• [How to complete this task]
Reproduce the listing below word for word, with no pictures.

• [Stored data]
::::

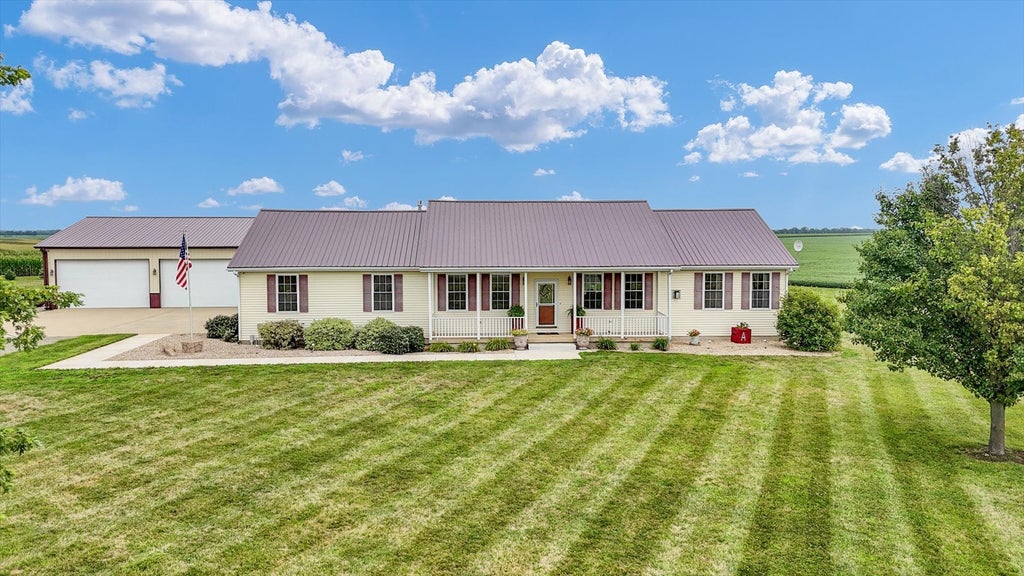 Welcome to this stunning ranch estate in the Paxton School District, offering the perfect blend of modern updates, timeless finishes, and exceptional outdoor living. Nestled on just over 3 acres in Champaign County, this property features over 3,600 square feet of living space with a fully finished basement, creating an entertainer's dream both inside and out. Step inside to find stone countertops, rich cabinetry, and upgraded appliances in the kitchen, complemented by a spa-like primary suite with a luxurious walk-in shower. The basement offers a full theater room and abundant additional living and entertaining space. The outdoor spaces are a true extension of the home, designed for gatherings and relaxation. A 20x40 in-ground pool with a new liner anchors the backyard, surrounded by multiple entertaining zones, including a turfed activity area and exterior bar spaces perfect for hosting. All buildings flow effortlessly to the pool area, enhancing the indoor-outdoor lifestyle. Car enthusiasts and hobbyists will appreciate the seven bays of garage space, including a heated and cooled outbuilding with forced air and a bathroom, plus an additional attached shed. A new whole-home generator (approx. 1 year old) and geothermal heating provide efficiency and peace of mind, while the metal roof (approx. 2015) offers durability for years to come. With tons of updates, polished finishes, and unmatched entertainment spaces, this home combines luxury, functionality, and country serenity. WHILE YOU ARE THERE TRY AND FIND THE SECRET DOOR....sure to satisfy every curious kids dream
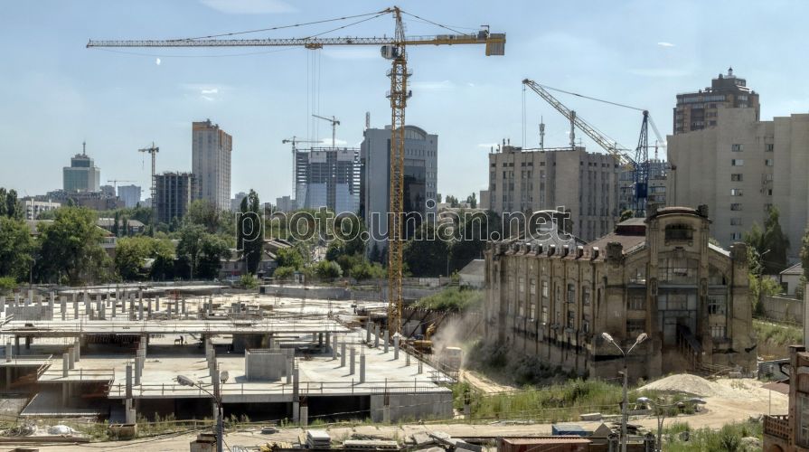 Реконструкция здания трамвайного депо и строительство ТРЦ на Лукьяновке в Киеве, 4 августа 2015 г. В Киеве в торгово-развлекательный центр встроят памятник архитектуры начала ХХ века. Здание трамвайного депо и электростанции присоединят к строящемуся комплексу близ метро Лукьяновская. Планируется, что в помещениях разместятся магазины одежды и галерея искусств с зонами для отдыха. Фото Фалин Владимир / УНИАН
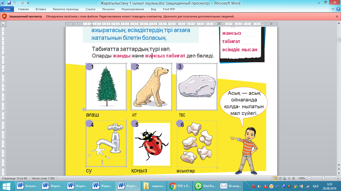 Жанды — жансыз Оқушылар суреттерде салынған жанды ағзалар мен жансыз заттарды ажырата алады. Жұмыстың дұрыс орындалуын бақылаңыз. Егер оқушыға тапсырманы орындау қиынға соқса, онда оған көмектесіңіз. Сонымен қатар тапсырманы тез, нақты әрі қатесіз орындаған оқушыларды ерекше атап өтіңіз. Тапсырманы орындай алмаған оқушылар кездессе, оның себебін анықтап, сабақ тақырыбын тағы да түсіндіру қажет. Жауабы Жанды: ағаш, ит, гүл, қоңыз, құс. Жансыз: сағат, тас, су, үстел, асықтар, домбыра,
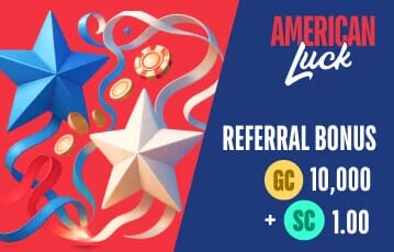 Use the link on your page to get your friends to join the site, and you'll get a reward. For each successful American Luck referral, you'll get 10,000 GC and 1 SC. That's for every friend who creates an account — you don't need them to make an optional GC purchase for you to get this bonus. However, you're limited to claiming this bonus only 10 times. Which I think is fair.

::::

• [Output for this task]
 Welcome to this stunning ranch estate in the Paxton School District, offering the perfect blend of modern updates, timeless finishes, and exceptional outdoor living. Nestled on just over 3 acres in Champaign County, this property features over 3,600 square feet of living space with a fully finished basement, creating an entertainer's dream both inside and out. Step inside to find stone countertops, rich cabinetry, and upgraded appliances in the kitchen, complemented by a spa-like primary suite with a luxurious walk-in shower. The basement offers a full theater room and abundant additional living and entertaining space. The outdoor spaces are a true extension of the home, designed for gatherings and relaxation. A 20x40 in-ground pool with a new liner anchors the backyard, surrounded by multiple entertaining zones, including a turfed activity area and exterior bar spaces perfect for hosting. All buildings flow effortlessly to the pool area, enhancing the indoor-outdoor lifestyle. Car enthusiasts and hobbyists will appreciate the seven bays of garage space, including a heated and cooled outbuilding with forced air and a bathroom, plus an additional attached shed. A new whole-home generator (approx. 1 year old) and geothermal heating provide efficiency and peace of mind, while the metal roof (approx. 2015) offers durability for years to come. With tons of updates, polished finishes, and unmatched entertainment spaces, this home combines luxury, functionality, and country serenity. WHILE YOU ARE THERE TRY AND FIND THE SECRET DOOR....sure to satisfy every curious kids dream
 Реконструкция здания трамвайного депо и строительство ТРЦ на Лукьяновке в Киеве, 4 августа 2015 г. В Киеве в торгово-развлекательный центр встроят памятник архитектуры начала ХХ века. Здание трамвайного депо и электростанции присоединят к строящемуся комплексу близ метро Лукьяновская. Планируется, что в помещениях разместятся магазины одежды и галерея искусств с зонами для отдыха. Фото Фалин Владимир / УНИАН
 Жанды — жансыз Оқушылар суреттерде салынған жанды ағзалар мен жансыз заттарды ажырата алады. Жұмыстың дұрыс орындалуын бақылаңыз. Егер оқушыға тапсырманы орындау қиынға соқса, онда оған көмектесіңіз. Сонымен қатар тапсырманы тез, нақты әрі қатесіз орындаған оқушыларды ерекше атап өтіңіз. Тапсырманы орындай алмаған оқушылар кездессе, оның себебін анықтап, сабақ тақырыбын тағы да түсіндіру қажет. Жауабы Жанды: ағаш, ит, гүл, қоңыз, құс. Жансыз: сағат, тас, су, үстел, асықтар, домбыра,
 Use the link on your page to get your friends to join the site, and you'll get a reward. For each successful American Luck referral, you'll get 10,000 GC and 1 SC. That's for every friend who creates an account — you don't need them to make an optional GC purchase for you to get this bonus. However, you're limited to claiming this bonus only 10 times. Which I think is fair.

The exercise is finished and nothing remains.